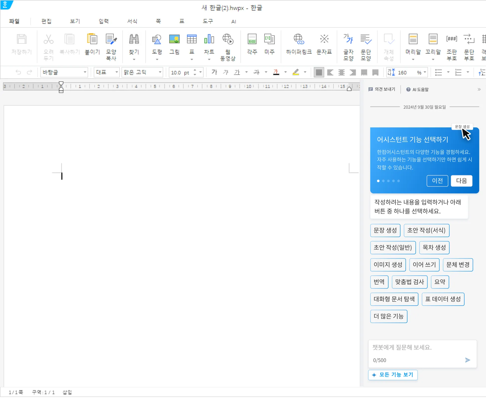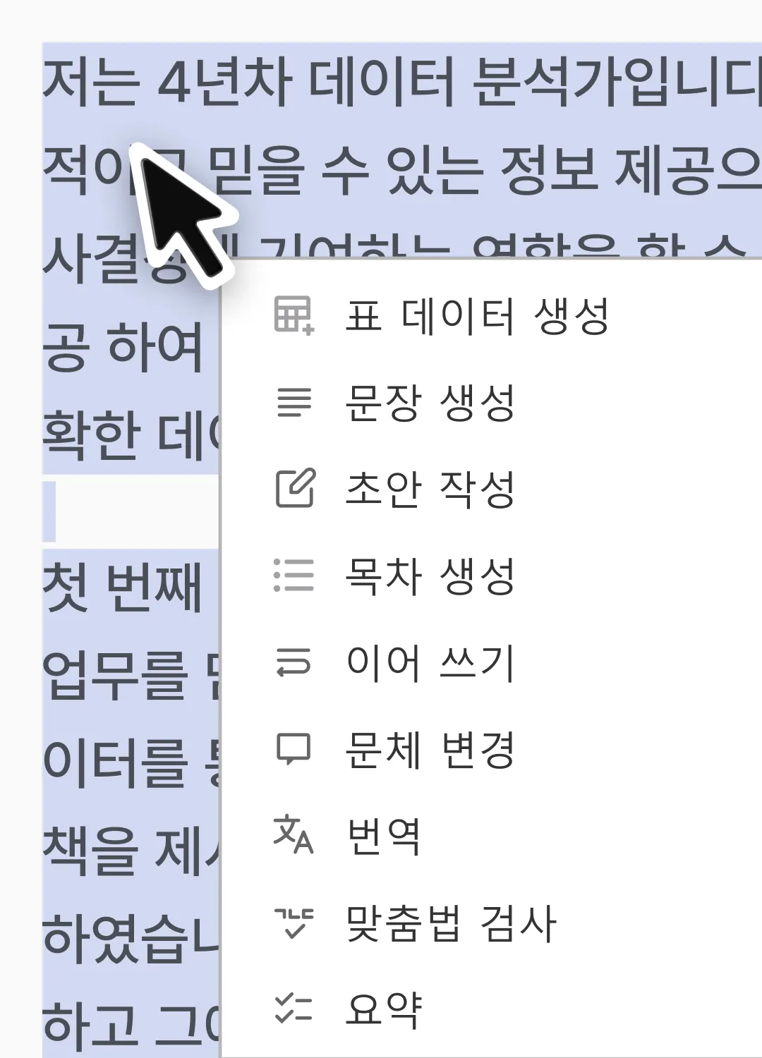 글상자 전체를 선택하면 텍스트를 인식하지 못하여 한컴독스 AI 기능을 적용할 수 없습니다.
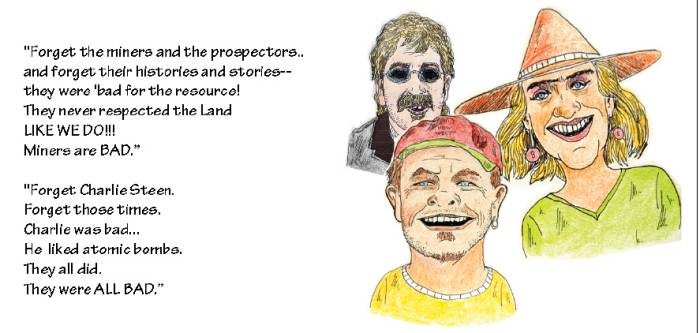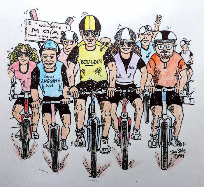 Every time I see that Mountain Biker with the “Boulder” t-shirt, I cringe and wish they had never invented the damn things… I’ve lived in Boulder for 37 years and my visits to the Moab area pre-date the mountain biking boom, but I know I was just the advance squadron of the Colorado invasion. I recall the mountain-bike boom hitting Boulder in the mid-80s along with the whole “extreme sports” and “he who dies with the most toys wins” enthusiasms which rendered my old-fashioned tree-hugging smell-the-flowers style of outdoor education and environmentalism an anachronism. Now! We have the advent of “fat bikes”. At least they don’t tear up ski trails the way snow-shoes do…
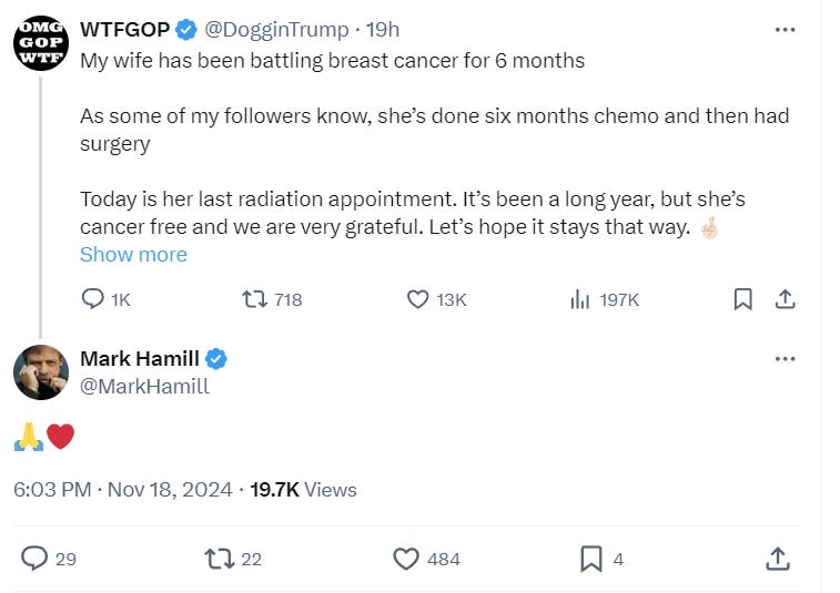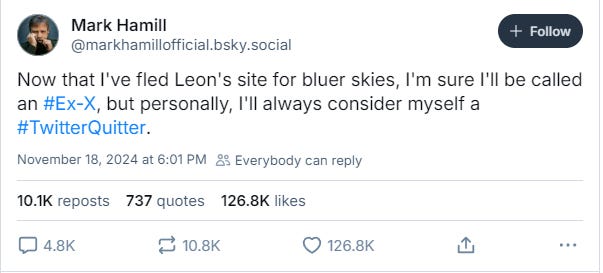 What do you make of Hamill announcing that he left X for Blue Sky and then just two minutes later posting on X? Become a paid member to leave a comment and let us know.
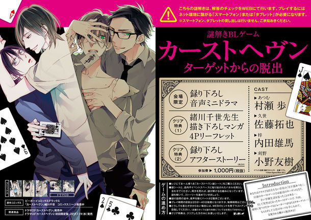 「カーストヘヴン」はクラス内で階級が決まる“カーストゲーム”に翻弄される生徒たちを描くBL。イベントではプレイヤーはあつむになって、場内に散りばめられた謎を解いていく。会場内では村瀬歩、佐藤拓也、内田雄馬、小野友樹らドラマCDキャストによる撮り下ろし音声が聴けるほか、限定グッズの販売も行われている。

§ **Action item**: Give back the material above word for word; no picture belongs in it.

§ **Answer box**:
 글상자 전체를 선택하면 텍스트를 인식하지 못하여 한컴독스 AI 기능을 적용할 수 없습니다.
 Every time I see that Mountain Biker with the “Boulder” t-shirt, I cringe and wish they had never invented the damn things… I’ve lived in Boulder for 37 years and my visits to the Moab area pre-date the mountain biking boom, but I know I was just the advance squadron of the Colorado invasion. I recall the mountain-bike boom hitting Boulder in the mid-80s along with the whole “extreme sports” and “he who dies with the most toys wins” enthusiasms which rendered my old-fashioned tree-hugging smell-the-flowers style of outdoor education and environmentalism an anachronism. Now! We have the advent of “fat bikes”. At least they don’t tear up ski trails the way snow-shoes do…
 What do you make of Hamill announcing that he left X for Blue Sky and then just two minutes later posting on X? Become a paid member to leave a comment and let us know.
 「カーストヘヴン」はクラス内で階級が決まる“カーストゲーム”に翻弄される生徒たちを描くBL。イベントではプレイヤーはあつむになって、場内に散りばめられた謎を解いていく。会場内では村瀬歩、佐藤拓也、内田雄馬、小野友樹らドラマCDキャストによる撮り下ろし音声が聴けるほか、限定グッズの販売も行われている。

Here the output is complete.